> _Description of the task_: Leave out the images; return the rest of the data exactly.

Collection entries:
>>>>
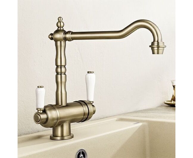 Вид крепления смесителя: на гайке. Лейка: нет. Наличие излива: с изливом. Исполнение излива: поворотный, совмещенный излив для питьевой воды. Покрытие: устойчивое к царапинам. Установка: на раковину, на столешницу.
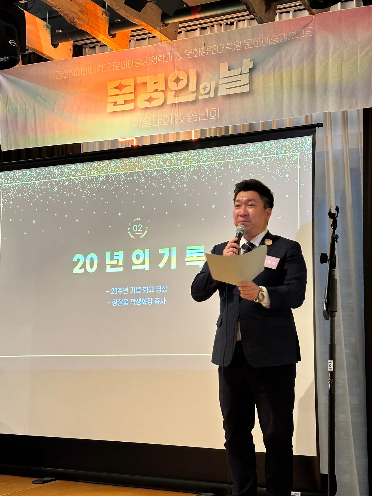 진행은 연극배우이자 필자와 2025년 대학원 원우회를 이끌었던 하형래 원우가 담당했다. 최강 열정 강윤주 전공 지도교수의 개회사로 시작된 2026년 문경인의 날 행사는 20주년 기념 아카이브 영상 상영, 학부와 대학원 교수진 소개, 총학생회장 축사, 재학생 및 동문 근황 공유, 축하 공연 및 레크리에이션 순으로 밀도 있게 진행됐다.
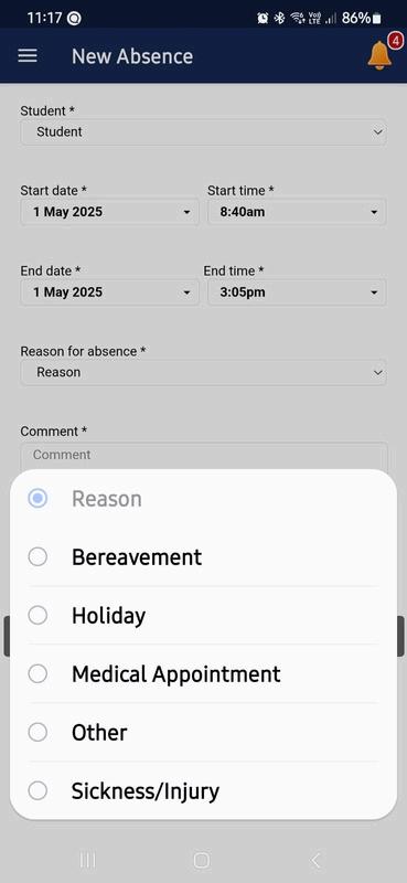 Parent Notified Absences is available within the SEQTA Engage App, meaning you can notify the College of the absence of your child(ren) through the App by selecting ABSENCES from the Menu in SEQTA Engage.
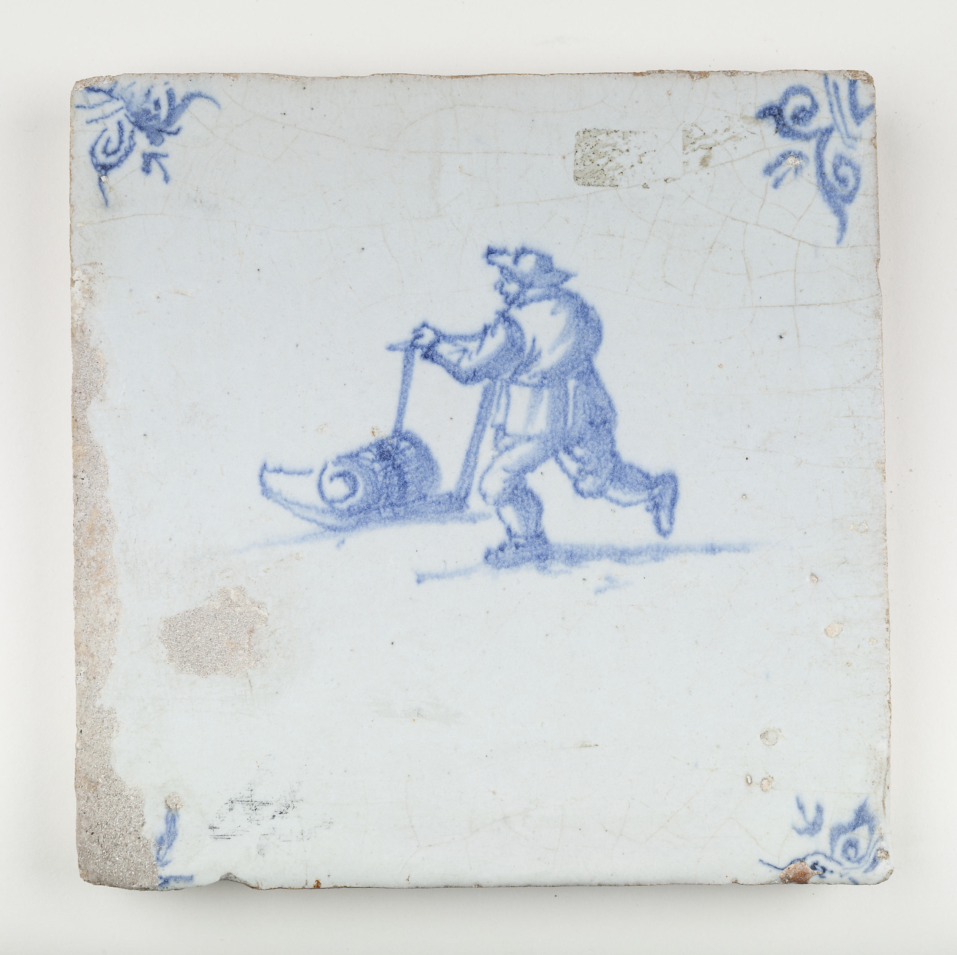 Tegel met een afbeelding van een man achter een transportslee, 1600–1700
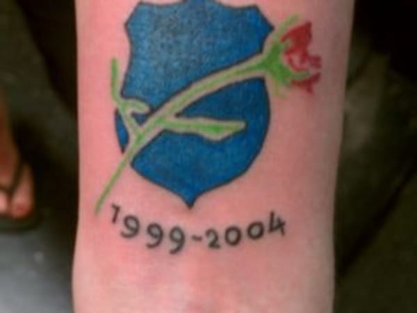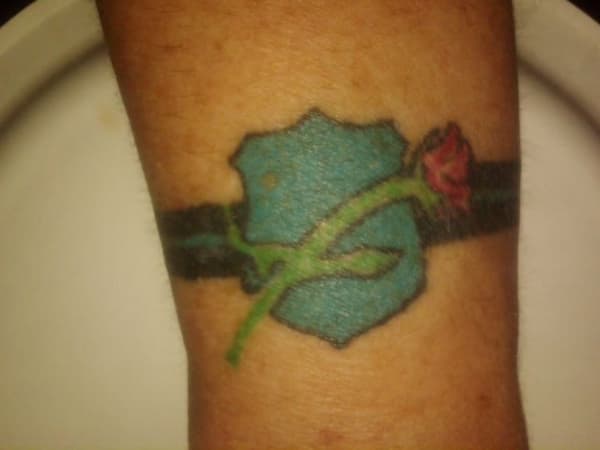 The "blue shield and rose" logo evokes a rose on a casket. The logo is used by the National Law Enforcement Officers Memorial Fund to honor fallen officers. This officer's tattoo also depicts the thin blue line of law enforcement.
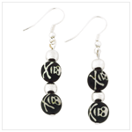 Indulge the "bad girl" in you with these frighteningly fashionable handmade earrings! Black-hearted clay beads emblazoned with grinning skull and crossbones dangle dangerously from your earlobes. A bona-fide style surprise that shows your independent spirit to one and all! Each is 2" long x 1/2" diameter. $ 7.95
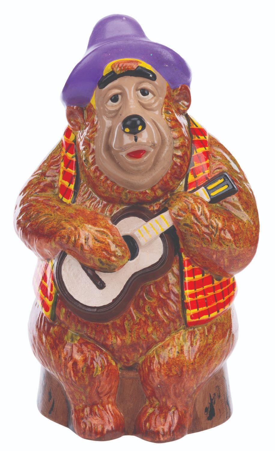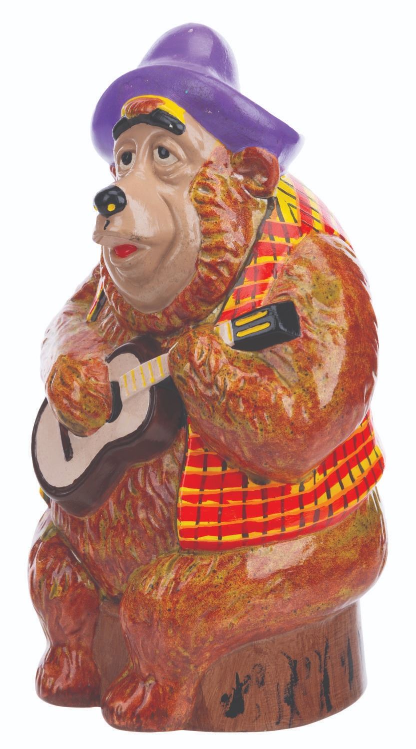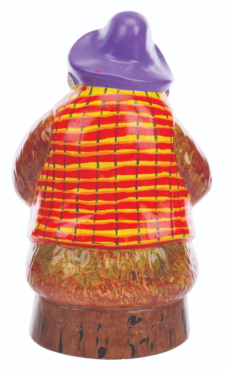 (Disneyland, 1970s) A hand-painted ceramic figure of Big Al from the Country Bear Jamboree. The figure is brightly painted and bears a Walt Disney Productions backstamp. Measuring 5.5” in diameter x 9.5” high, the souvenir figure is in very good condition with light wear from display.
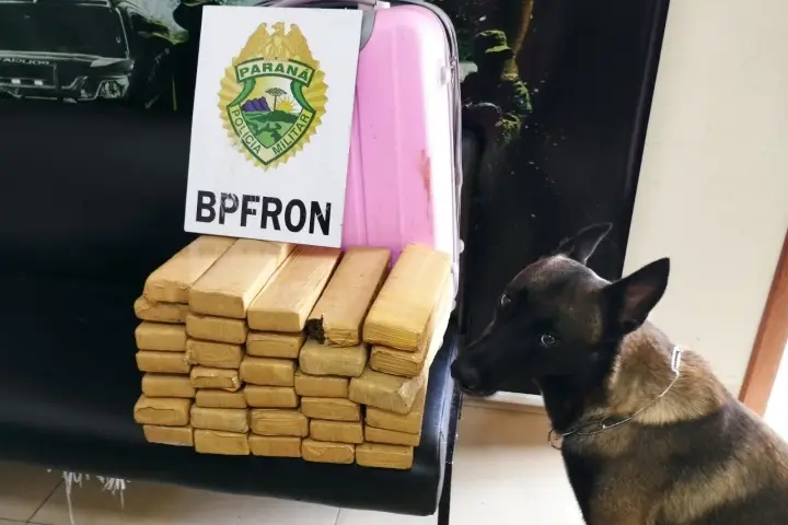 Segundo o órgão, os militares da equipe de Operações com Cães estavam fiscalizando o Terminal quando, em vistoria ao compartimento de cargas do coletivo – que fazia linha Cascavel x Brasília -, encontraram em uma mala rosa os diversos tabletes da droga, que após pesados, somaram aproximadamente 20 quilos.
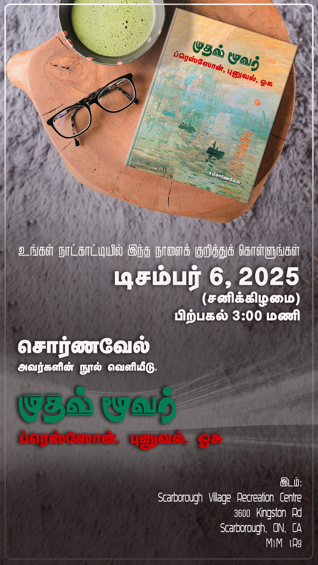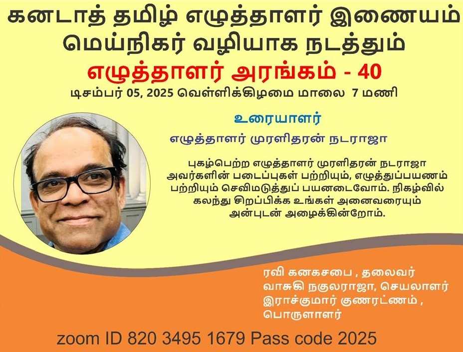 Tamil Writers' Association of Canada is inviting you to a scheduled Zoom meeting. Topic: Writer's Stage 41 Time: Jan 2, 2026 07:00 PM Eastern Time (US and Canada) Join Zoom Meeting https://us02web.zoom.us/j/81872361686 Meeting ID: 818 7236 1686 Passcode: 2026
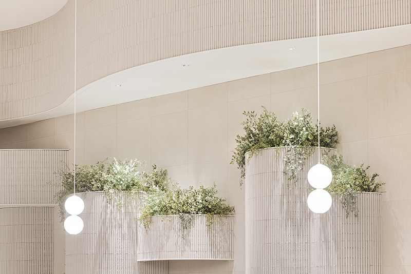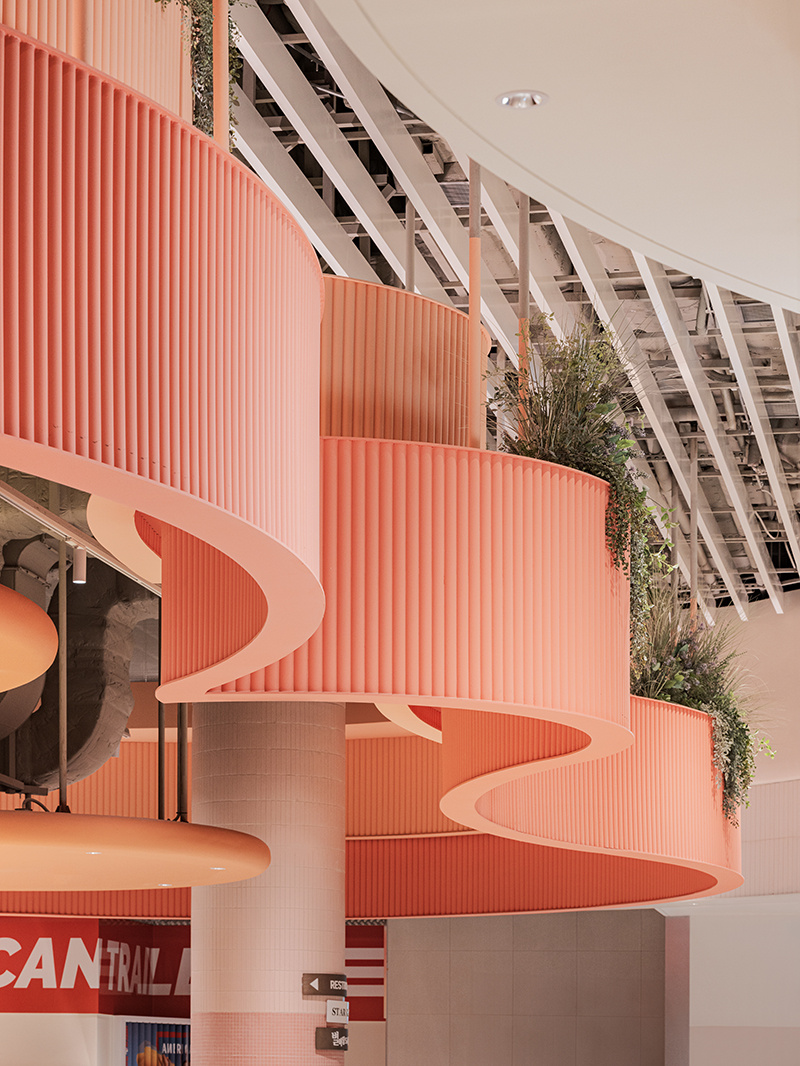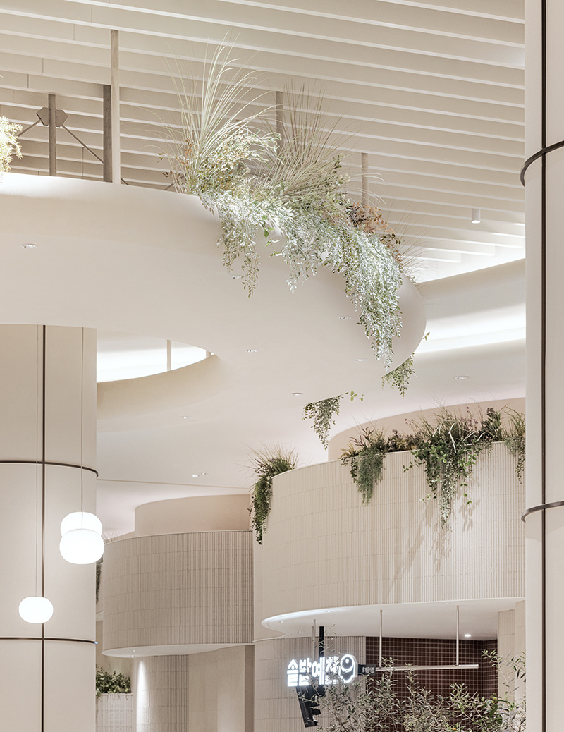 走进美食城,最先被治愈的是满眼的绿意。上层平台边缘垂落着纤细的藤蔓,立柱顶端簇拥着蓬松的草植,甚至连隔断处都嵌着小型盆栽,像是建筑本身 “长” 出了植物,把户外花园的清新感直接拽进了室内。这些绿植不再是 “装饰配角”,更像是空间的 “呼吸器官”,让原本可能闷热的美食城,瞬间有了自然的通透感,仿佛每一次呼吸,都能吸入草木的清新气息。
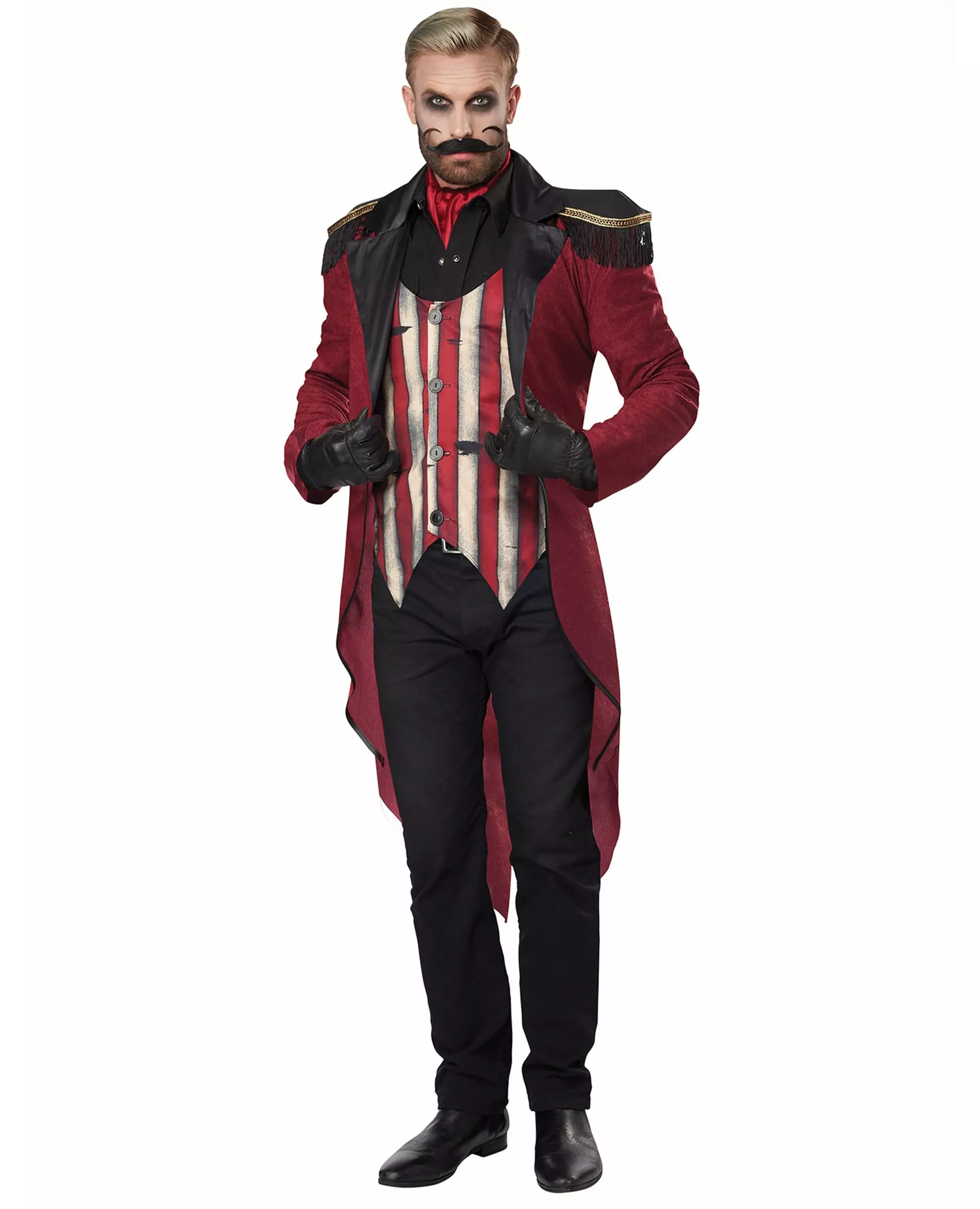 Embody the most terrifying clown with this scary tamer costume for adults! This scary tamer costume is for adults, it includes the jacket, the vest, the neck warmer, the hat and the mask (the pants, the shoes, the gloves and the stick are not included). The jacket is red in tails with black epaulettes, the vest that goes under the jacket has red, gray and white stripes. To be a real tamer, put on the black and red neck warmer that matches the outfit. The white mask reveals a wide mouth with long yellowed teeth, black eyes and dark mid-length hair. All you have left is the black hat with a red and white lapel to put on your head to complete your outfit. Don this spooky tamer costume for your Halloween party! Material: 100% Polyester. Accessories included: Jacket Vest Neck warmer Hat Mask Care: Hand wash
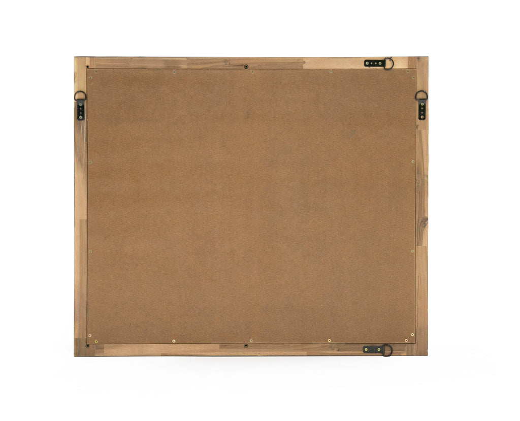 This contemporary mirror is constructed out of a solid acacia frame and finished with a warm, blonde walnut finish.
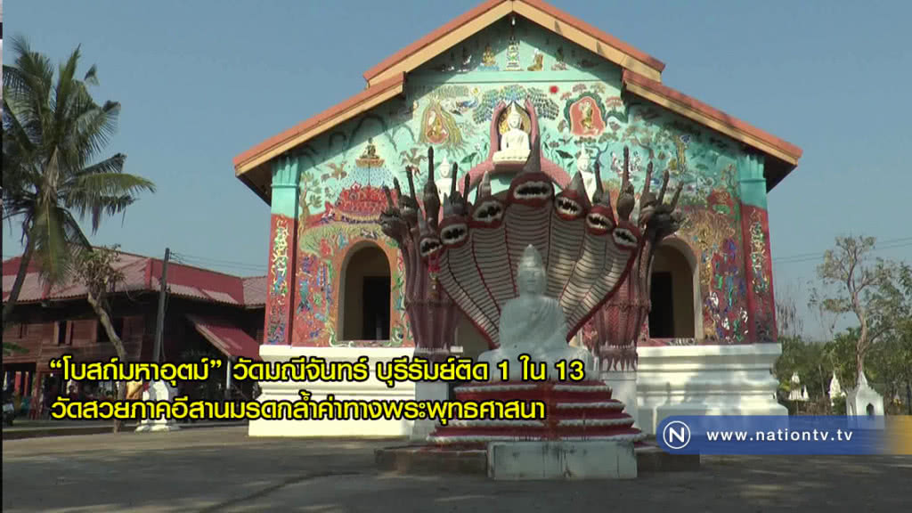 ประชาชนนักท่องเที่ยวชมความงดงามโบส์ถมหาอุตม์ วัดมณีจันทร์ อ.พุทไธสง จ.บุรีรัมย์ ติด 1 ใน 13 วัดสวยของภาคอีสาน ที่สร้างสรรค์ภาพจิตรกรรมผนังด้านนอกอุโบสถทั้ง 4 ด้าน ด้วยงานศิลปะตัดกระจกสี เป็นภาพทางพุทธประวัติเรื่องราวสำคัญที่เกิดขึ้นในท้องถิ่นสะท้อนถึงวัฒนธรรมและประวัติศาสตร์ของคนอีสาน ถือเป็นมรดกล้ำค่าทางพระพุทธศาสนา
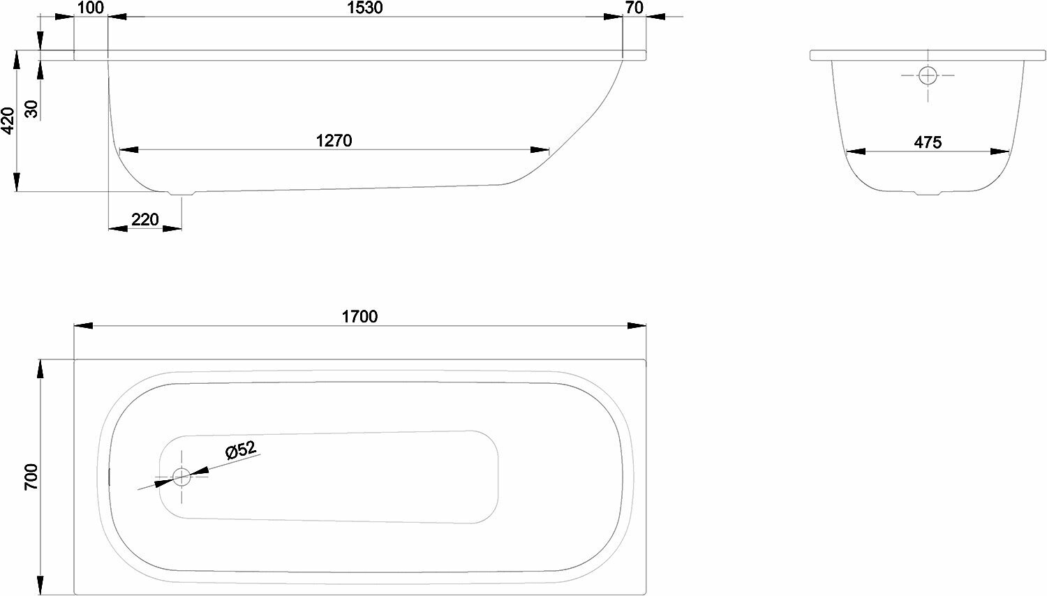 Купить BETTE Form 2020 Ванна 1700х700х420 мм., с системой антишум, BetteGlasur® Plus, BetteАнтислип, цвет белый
<<<<
> _Answer section_:
 Вид крепления смесителя: на гайке. Лейка: нет. Наличие излива: с изливом. Исполнение излива: поворотный, совмещенный излив для питьевой воды. Покрытие: устойчивое к царапинам. Установка: на раковину, на столешницу.
 진행은 연극배우이자 필자와 2025년 대학원 원우회를 이끌었던 하형래 원우가 담당했다. 최강 열정 강윤주 전공 지도교수의 개회사로 시작된 2026년 문경인의 날 행사는 20주년 기념 아카이브 영상 상영, 학부와 대학원 교수진 소개, 총학생회장 축사, 재학생 및 동문 근황 공유, 축하 공연 및 레크리에이션 순으로 밀도 있게 진행됐다.
 Parent Notified Absences is available within the SEQTA Engage App, meaning you can notify the College of the absence of your child(ren) through the App by selecting ABSENCES from the Menu in SEQTA Engage.
 Tegel met een afbeelding van een man achter een transportslee, 1600–1700
 The "blue shield and rose" logo evokes a rose on a casket. The logo is used by the National Law Enforcement Officers Memorial Fund to honor fallen officers. This officer's tattoo also depicts the thin blue line of law enforcement.
 Indulge the "bad girl" in you with these frighteningly fashionable handmade earrings! Black-hearted clay beads emblazoned with grinning skull and crossbones dangle dangerously from your earlobes. A bona-fide style surprise that shows your independent spirit to one and all! Each is 2" long x 1/2" diameter. $ 7.95
 (Disneyland, 1970s) A hand-painted ceramic figure of Big Al from the Country Bear Jamboree. The figure is brightly painted and bears a Walt Disney Productions backstamp. Measuring 5.5” in diameter x 9.5” high, the souvenir figure is in very good condition with light wear from display.
 Segundo o órgão, os militares da equipe de Operações com Cães estavam fiscalizando o Terminal quando, em vistoria ao compartimento de cargas do coletivo – que fazia linha Cascavel x Brasília -, encontraram em uma mala rosa os diversos tabletes da droga, que após pesados, somaram aproximadamente 20 quilos.
 Tamil Writers' Association of Canada is inviting you to a scheduled Zoom meeting. Topic: Writer's Stage 41 Time: Jan 2, 2026 07:00 PM Eastern Time (US and Canada) Join Zoom Meeting https://us02web.zoom.us/j/81872361686 Meeting ID: 818 7236 1686 Passcode: 2026
 走进美食城,最先被治愈的是满眼的绿意。上层平台边缘垂落着纤细的藤蔓,立柱顶端簇拥着蓬松的草植,甚至连隔断处都嵌着小型盆栽,像是建筑本身 “长” 出了植物,把户外花园的清新感直接拽进了室内。这些绿植不再是 “装饰配角”,更像是空间的 “呼吸器官”,让原本可能闷热的美食城,瞬间有了自然的通透感,仿佛每一次呼吸,都能吸入草木的清新气息。
 Embody the most terrifying clown with this scary tamer costume for adults! This scary tamer costume is for adults, it includes the jacket, the vest, the neck warmer, the hat and the mask (the pants, the shoes, the gloves and the stick are not included). The jacket is red in tails with black epaulettes, the vest that goes under the jacket has red, gray and white stripes. To be a real tamer, put on the black and red neck warmer that matches the outfit. The white mask reveals a wide mouth with long yellowed teeth, black eyes and dark mid-length hair. All you have left is the black hat with a red and white lapel to put on your head to complete your outfit. Don this spooky tamer costume for your Halloween party! Material: 100% Polyester. Accessories included: Jacket Vest Neck warmer Hat Mask Care: Hand wash
 This contemporary mirror is constructed out of a solid acacia frame and finished with a warm, blonde walnut finish.
 ประชาชนนักท่องเที่ยวชมความงดงามโบส์ถมหาอุตม์ วัดมณีจันทร์ อ.พุทไธสง จ.บุรีรัมย์ ติด 1 ใน 13 วัดสวยของภาคอีสาน ที่สร้างสรรค์ภาพจิตรกรรมผนังด้านนอกอุโบสถทั้ง 4 ด้าน ด้วยงานศิลปะตัดกระจกสี เป็นภาพทางพุทธประวัติเรื่องราวสำคัญที่เกิดขึ้นในท้องถิ่นสะท้อนถึงวัฒนธรรมและประวัติศาสตร์ของคนอีสาน ถือเป็นมรดกล้ำค่าทางพระพุทธศาสนา
 Купить BETTE Form 2020 Ванна 1700х700х420 мм., с системой антишум, BetteGlasur® Plus, BetteАнтислип, цвет белый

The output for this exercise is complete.